Based on this scheme, the formal submission of tests to draw some conclusions about ways to store information in a knowledge assessment systems.
Membership functions can be implemented as a table with two fields, the first of which — the identifier , and the second — the identifier T k. The partition table contains information about a variety of tests , a table of test items and table relationships (affiliation) of tests to specific tests, we gain the ability to arbitrarily change the size of the test (number of members of his test items), as well as not increasing significantly the size of the base to use one test task in different tests.
Let us more detail on tests of reliability analysis. The test is called reliable if it enables the same results for each test by repeated testing [2]. We can say that it is absolutely reliable test exists, moreover, repeated testing for one sample test irrationally. Therefore, we shall mean by reliability test of its ability to show similar results to close at the level of the test samples. The most common methods for determining the reliability of — correlating the two «parallel» tests, designed to measure the same properties [1], or correlating the results of testing using a single test on a sample of subjects close.
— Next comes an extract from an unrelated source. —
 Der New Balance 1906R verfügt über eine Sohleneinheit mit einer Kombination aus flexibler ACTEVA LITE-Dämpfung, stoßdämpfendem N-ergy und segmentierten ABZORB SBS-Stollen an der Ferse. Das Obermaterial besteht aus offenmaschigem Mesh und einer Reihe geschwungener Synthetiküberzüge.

Here is an example of calculating the Pearson correlation coefficient for the two «parallel» tests for a sample of subjects {Xl}, , where h — the number of the test. and — two «parallel» test, - the value calculated according to the formula (1) or (3) on the test specific Xl(in this case ). Then the calculation of the correlation coefficient is as follows:
, (6)
Where,
, , .
As for calculating the number of indicators used by the history of the test, it is clear that the results must be stored. This gives us the opportunity at any time to provide information about the past to carry out testing and appeal.
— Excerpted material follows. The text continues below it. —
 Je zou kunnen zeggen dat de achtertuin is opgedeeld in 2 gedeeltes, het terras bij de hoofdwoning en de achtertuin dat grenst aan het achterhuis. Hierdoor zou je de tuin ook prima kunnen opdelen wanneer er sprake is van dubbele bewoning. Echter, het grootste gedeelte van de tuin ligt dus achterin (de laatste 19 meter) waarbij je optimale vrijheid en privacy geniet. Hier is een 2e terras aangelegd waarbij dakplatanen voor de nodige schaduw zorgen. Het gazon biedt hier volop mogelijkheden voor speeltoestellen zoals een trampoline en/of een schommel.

This scheme provides a more flexible system implementation exhibiting total score of the test [5]. Let — scores that can get the test, selecting in response to the task Tk this option Ak,s response, that . Then it becomes possible to calculate the score obtained by selecting the answer Ak,i at task Tk, by the formula:
. (7)
However, this is not the only method for calculating the score that can be implemented within this model.
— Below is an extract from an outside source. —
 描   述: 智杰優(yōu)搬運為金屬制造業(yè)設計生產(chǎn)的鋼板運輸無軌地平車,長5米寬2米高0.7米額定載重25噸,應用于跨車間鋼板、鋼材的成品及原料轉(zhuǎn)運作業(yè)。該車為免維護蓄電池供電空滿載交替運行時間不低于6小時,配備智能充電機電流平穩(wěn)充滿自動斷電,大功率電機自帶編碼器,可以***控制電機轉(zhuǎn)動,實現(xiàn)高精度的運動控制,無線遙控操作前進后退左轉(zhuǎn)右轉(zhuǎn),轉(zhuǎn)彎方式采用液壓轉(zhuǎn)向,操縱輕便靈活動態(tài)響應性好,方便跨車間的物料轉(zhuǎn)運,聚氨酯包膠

Fig. 1. Structure of the software of virtual control of knowledge
Conclusion
As part of this scheme is implemented fairly broad class of tests with closed-choice questions. The system is flexible enough that makes it universal. Calculation of numerical characteristics of the test, despite the seeming awkwardness and easily algorithmizationing.
System testing Virtual Testing System, is used as an Access database data warehouse was built on the basis of this model.
References:
- Антонов Ю. С. Хохлов А. М. Тестирование (теория и практика). Якутск, 2000.
- Kovalenko O. Evaluation of E-Learning. Deployment Scale OECD Publishing 2013.-pg134.
- Минин М. Г. Диагностика качества знаний и компьютерные технологии обучения. Томск: Изд-во ТГПУ, 2000.
- Hrabovskyi Yevhen. Diagnosis of the quality of knowledge and computer technology training. Journal of Communication and Computer.
- Malte Lenz, Johan Rhodin. Reliability theory of complex systems. SE-581 83 Linköping, Sweden 2011. –pg 118.